Cold is what completely reverses insulin resistance in mammals and wakes them up when conditions are better for life. Humans abandoned this ability in our evolutionary history because we control our environoment regardless of the temperature, but we stll have the hibernation mechanisms within us, if we eat outside those mechanisms we get modern diabetes-we can eat all day year round, or we can eat a banana from Chile in the Arctic in the dead of winter. Do you think evolution has a plan for these circumstances yet? No, it doesn not, and diabetes is the answer

The result is we have created a world where we can eat carbohydrates and PUFAs 24/7 but cna no longer access evolution solution for insulin resistance it also makes sense why we have no hardwired metabolic pathways for fat removal but cold thermogenesis does it remarkably well
 
I have recently been listening to this program and wow, definitely groundbreaking and adds new informartion on DNA, light waves and cold therapy.

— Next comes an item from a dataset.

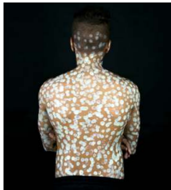
From The Other Side Of Daylight, 2017

I started to put it into practice today

Thank you so much
 
beetlemaniac said:
I'm theorising that, similar to what Gurdjieff called "impressions", light is another type of food for humans and the eyes are the primary receptacle for this "food".

That reminds me of the following that I read when I was in my teens from Autobiography of a Yogi (Paramhansa Yogananda) about a woman who doesn't eat:

http://www.crystalclarity.com/yogananda/chap46.php

"But you do eat something!" My tone held a note of remonstrance.
"Of course!" She smiled in swift understanding.
"Your nourishment derives from the finer energies of the air and sunlight, and from the cosmic power which recharges your body through the medulla oblongata."

This story has always stuck with me.

On a different note, I did install the f.lux app and I feel like it does make a difference.